Approach: Custom policy that denies PublicIp address creation, with exclusions for dev/test environments.
Scenario 4: Monitoring Baseline
All resources must have diagnostic settings pointing to the central Log Analytics workspace.
Approach: DeployIfNotExists policy that creates diagnostic settings if they don't exist — this is the same pattern shown earlier in the Policy Effects section.
Policy Evaluation and Compliance State
When a policy is assigned, Azure evaluates all existing resources against it.

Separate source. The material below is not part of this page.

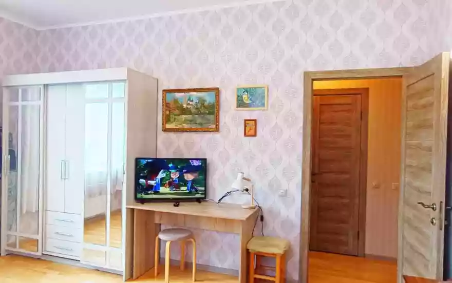 — Smart-TV, Wi-Fi, Высокоскоростной интернет 5 G, мебель, шкаф для одежды, стол для работы, настольная лампа, светильники у кроватей.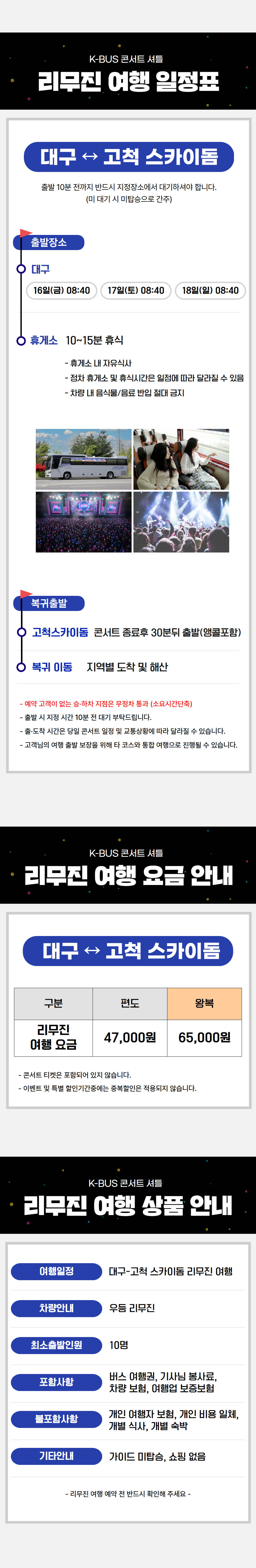 | ·불포함내역 | 콘서트입장권, 개인 여행자 보험, 개인 비용 일체 개별 식사, 개별 숙박, 가이드 미탑승, 쇼핑없음 |

This evaluation isn't instant — it can take several minutes or even hours for large subscriptions.
Compliance States
| State | Meaning |
|---|---|
| Compliant | Resource matches the policy definition |
| Non-compliant | Resource violates the policy definition |
| NotApplicable | Policy doesn't apply to this resource type or property |
| NotScanned | Evaluation hasn't run yet (usually transient) |
Drift Detection
When a resource is modified after initial evaluation, Azure detects the drift and updates the compliance state. However, this isn't real-time — there's a delay of several minutes to hours depending on subscription size and policy complexity.
To see compliance status:
- Navigate to Policy → Compliance in the Azure portal
- Select the policy or initiative definition
- View resources by compliance state
Remediation Tasks
For policies with DeployIfNotExists or Modify effects, you can create a remediation task that fixes non-compliant resources:
- Go to the policy assignment
- Click Remediation → Add remediation task
- Select non-compliant resources (or all of them)
- The task runs asynchronously and reports progress
Warning: Remediation tasks modify your infrastructure. Always review which resources will be affected before running a remediation task at scale.
Key Takeaways
- Azure Policy definitions are templates; assignments to scopes make them active.
- Different effects (Deny, Audit, DeployIfNotExists, Modify) serve different governance strategies.
- RBAC controls access; policy controls configuration. They work together but solve different problems.
- Compliance evaluation isn't instant — drift detection has a delay.
- Remediation tasks can automatically fix non-compliant resources, but use them carefully.
- Azure Policy enforces on any resource Azure can see, including self-hosted infrastructure via Azure Arc — not just cloud-native services.
- CI/CD checks can be bypassed; Azure Policy enforces at creation time and after creation, making it much harder to bypass.